Wednesday 21 December 2011

Who said you cannot entertain people with an opinion on the WTO?

Well, the three most important newspapers in Flanders said so, because they didn't publish this opinion piece I co-authored with a colleague of mine. Not that it is not a hot issue, as this robust exchange of views between Paul de Schutter, UN Special Rapporteur on the Right to Food, and Pascal Lamy, World Trade Organisation Director-General, illustrates.

Meh. You get it anyway. With a little help for the Dutch illiterates:
For ten years countries have tried to reach a new free trade agreement within the WTO, the so-called Doha Development Agenda. Negotiations have clearly stalled. The 8th ministerial summit (held in Geneva on 15-17 December) won't change this situation.

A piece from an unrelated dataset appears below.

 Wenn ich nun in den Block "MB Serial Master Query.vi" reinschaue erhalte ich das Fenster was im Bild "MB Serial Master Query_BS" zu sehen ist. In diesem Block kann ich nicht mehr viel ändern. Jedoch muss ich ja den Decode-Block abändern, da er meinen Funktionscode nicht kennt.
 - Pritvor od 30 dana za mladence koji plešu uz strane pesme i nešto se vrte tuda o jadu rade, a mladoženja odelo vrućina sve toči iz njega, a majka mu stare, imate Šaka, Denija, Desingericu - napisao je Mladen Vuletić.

The sought-after result of the Doha negotiations won't be reached, because the key to development is not even on the table: agricultural protection and food security.
Big players, such as the EU and the US, have anticipated the WTO's gradual opening up of food markets to free trade, by creating agricultural policies that protect (read: give income subsidies to) their farmers from cheap imports, with which they cannot compete. They did this because agriculture is a sensitive issue: for, if a country becomes too dependent on food imports, it can no longer guarantee food provision to its people. A crisis only has to occur for export countries to shut their food supplies (and, as of late, they have occurred rather frequently; just think of the 2008 food crisis). Thus, free trade in foodstuffs forces high income countries to subsidise their agricultural sectors, to prevent cheap imports from killing them.

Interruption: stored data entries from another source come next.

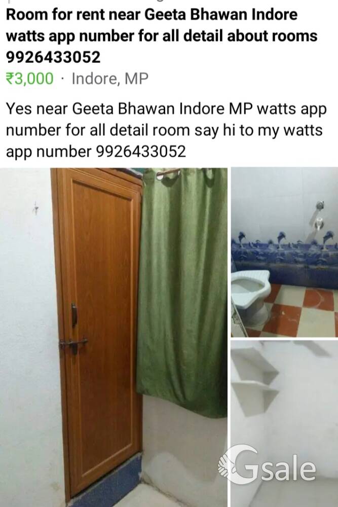 रूम रेंट गीता भवन मंदिर के पास इंदौर सेंट पॉल स्कूल के varda vihar complex ke passआगे मात्र 3000, में व्हाट्सएप नंबर 9 9264 33052, for all details, Indore
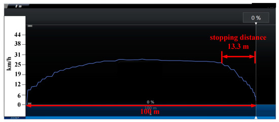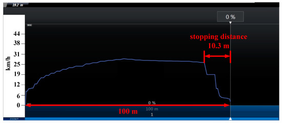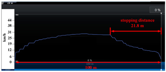 For the kinetic braking mode, the stopping distance was 21.8 m shown as in Figure 13.
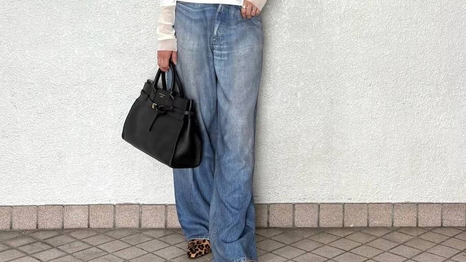 トップスには、とろみのある質感のデニムシャツを合わせると◎
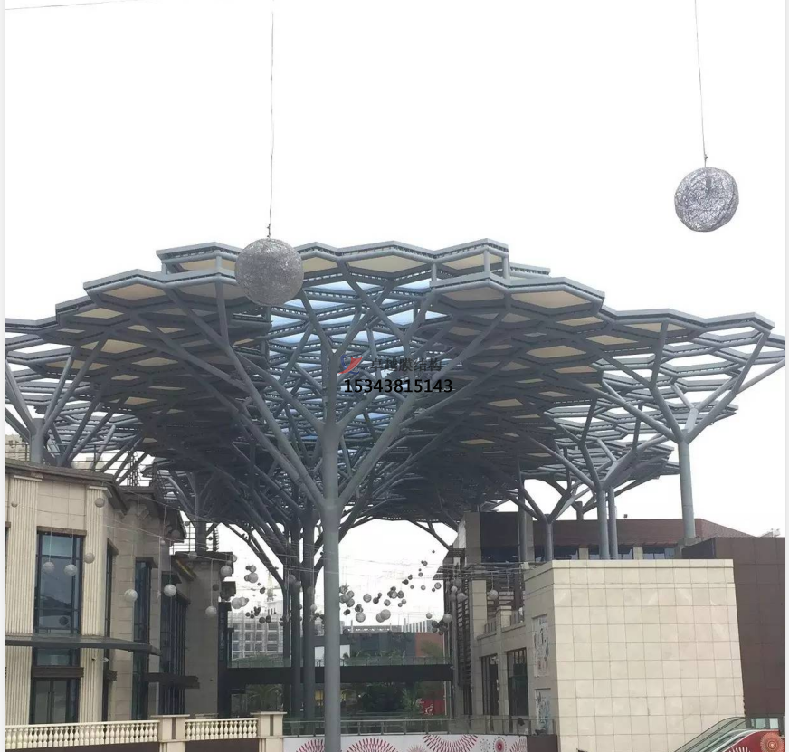 1)張拉式膜結構。這也是現在比較常見的一種,主要以膜材、鋼索及支柱構成,是更能夠展現出膜結構創新美觀造型的形式。

Low and middle income countries, too, have similar issues; their farmers are often not able to compete with foodstuffs that are produced cheaper elsewhere. The difference, however, lies in the absence of a government budget that is able to protect the agricultural sector and (mainly small scale) farmers, who drown and go hungry. This problem becomes even more acute when taking the many concessions of bilateral trade agreements into account, which tend to grant even more access to food markets than is the case in multilateral trade agreements. That explains why West Africa has been flooded in the past two decennia with cheap imports of grains, rice, meat and milk powder (among others), which have seriously disrupted local production and endangered food security.
This situation is not tenable. Which is why low and middle income countries have proposed to introduce flexible tariffs, to safeguard the development of their own agricultural and food sectors, while maintaining the option to cover any food shortages with imports from abroad. These proposals, however, have never been seriously considered. Yet, so long as they won't, these countries will not gain from negotiating further market access in other sectors, as is the case in the present Doha negotiations.
As a matter of fact, the European Union would also stand to gain from questioning free trade in foodstuffs. The common agricultural policy is born out of free market rules, whereas shifting towards more controlled market mechanisms (to harmonise production and import volumes) could render subsidies superfluous. 
About time, then, to see this round of negotiations to the door and start designing free trade that is more just and sustainable, offering farmers in the North and the South a fair chance to supply their fellow citizens.